Please return every record exactly, with no pictures included.
****************************************
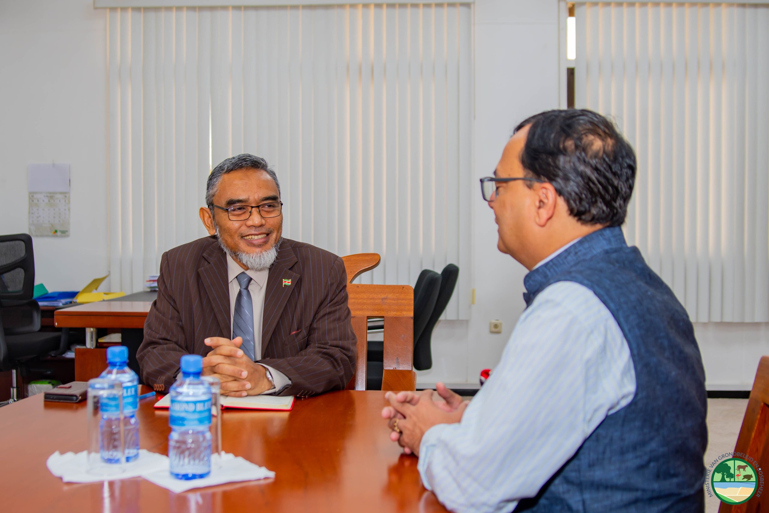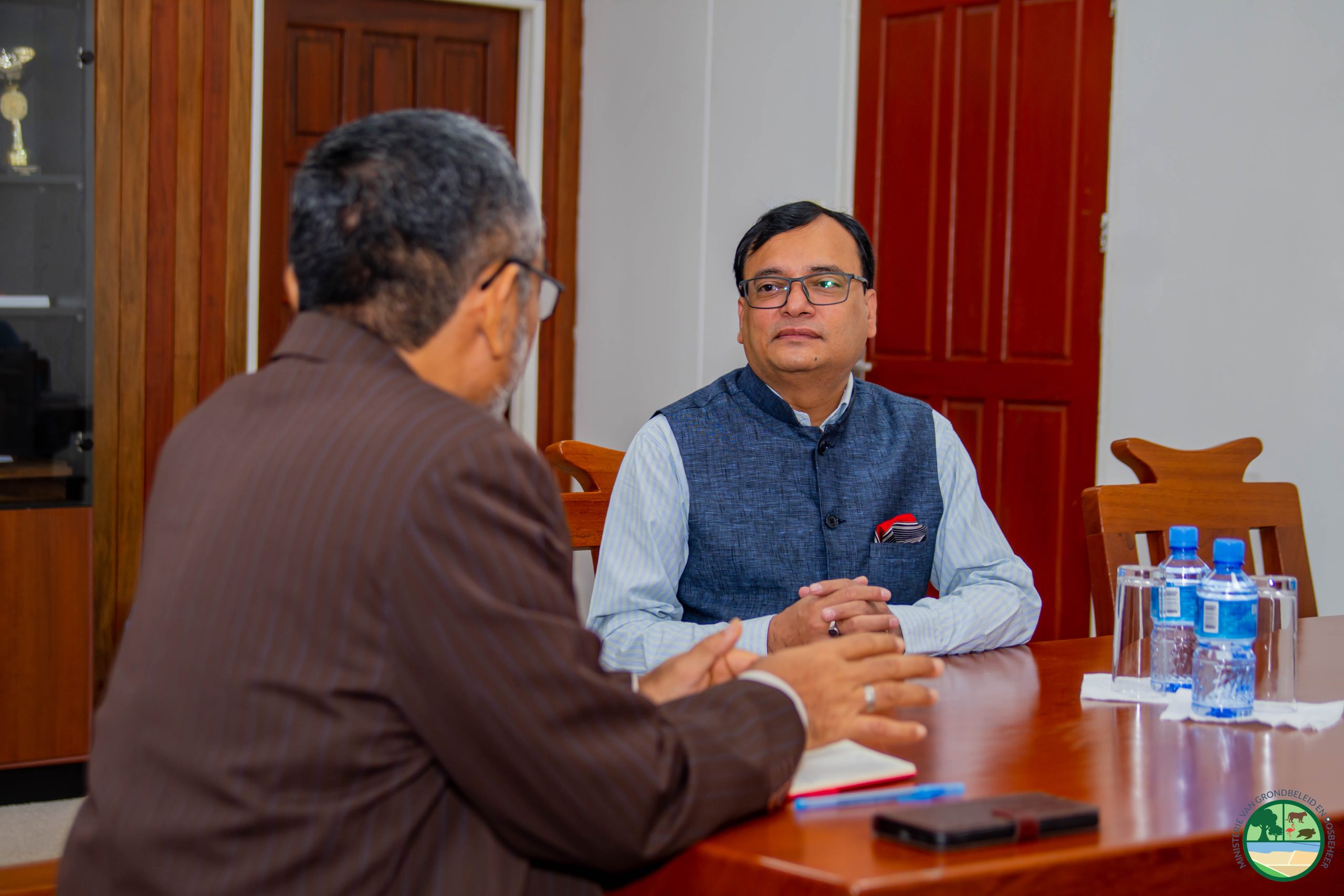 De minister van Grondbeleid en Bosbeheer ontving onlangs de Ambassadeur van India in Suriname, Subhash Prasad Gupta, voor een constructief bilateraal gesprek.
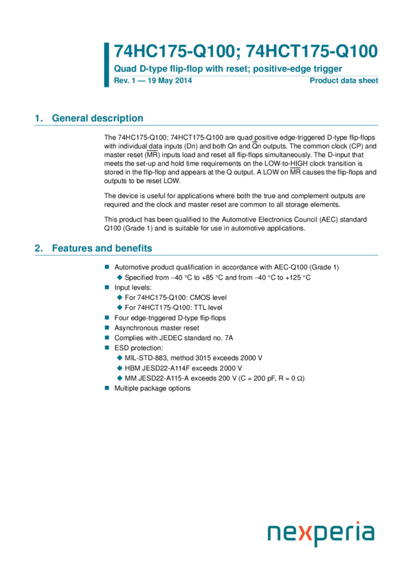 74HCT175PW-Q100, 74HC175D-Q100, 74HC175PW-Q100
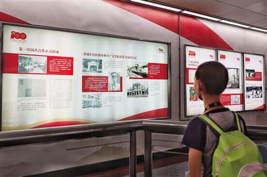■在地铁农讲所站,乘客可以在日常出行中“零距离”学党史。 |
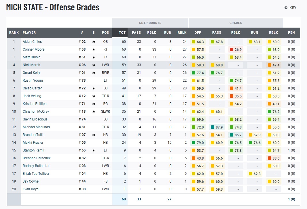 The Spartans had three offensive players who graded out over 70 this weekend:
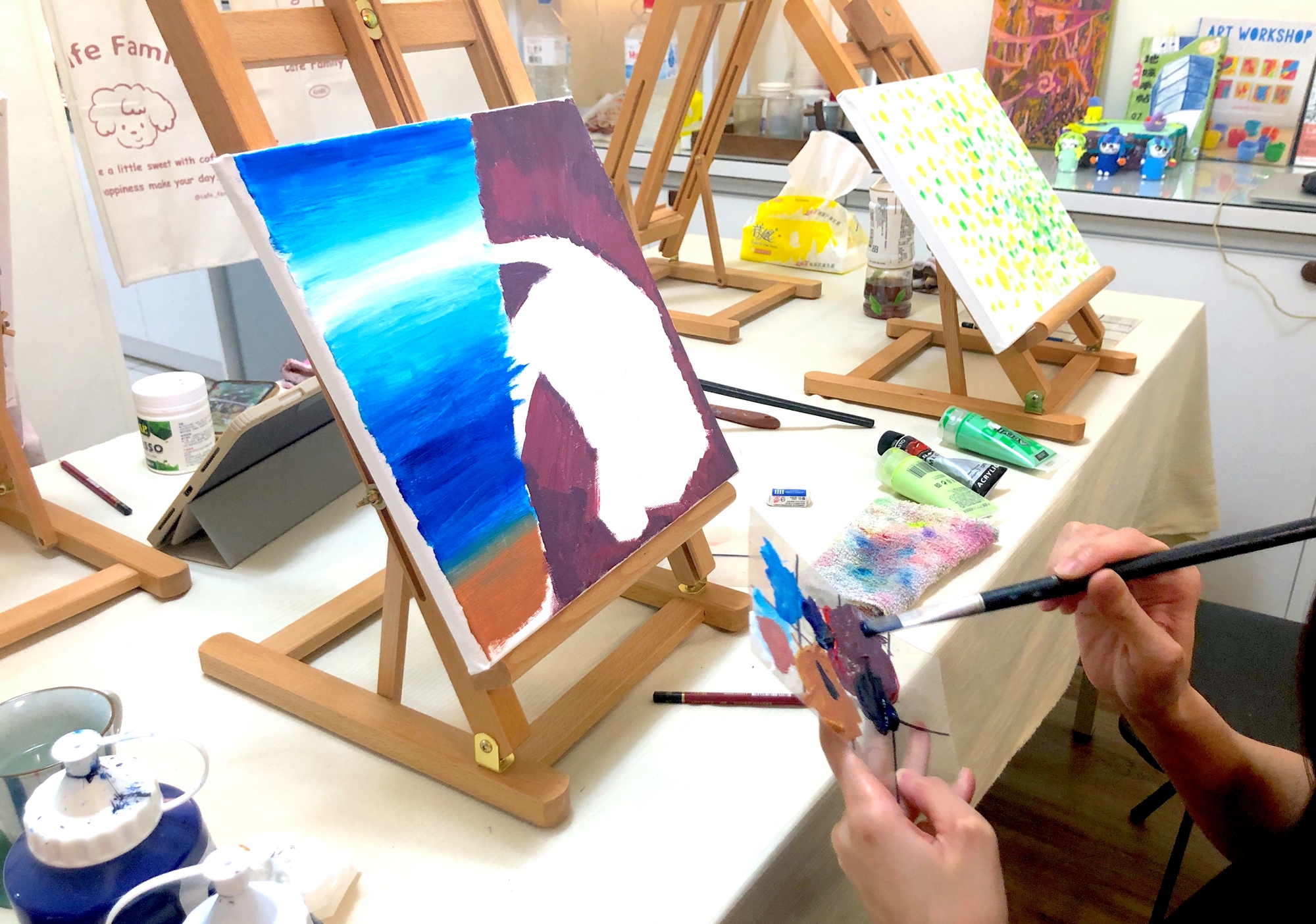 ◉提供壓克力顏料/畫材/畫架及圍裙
****************************************
» Worked solution
 De minister van Grondbeleid en Bosbeheer ontving onlangs de Ambassadeur van India in Suriname, Subhash Prasad Gupta, voor een constructief bilateraal gesprek.
 74HCT175PW-Q100, 74HC175D-Q100, 74HC175PW-Q100
■在地铁农讲所站,乘客可以在日常出行中“零距离”学党史。 |
 The Spartans had three offensive players who graded out over 70 this weekend:
 ◉提供壓克力顏料/畫材/畫架及圍裙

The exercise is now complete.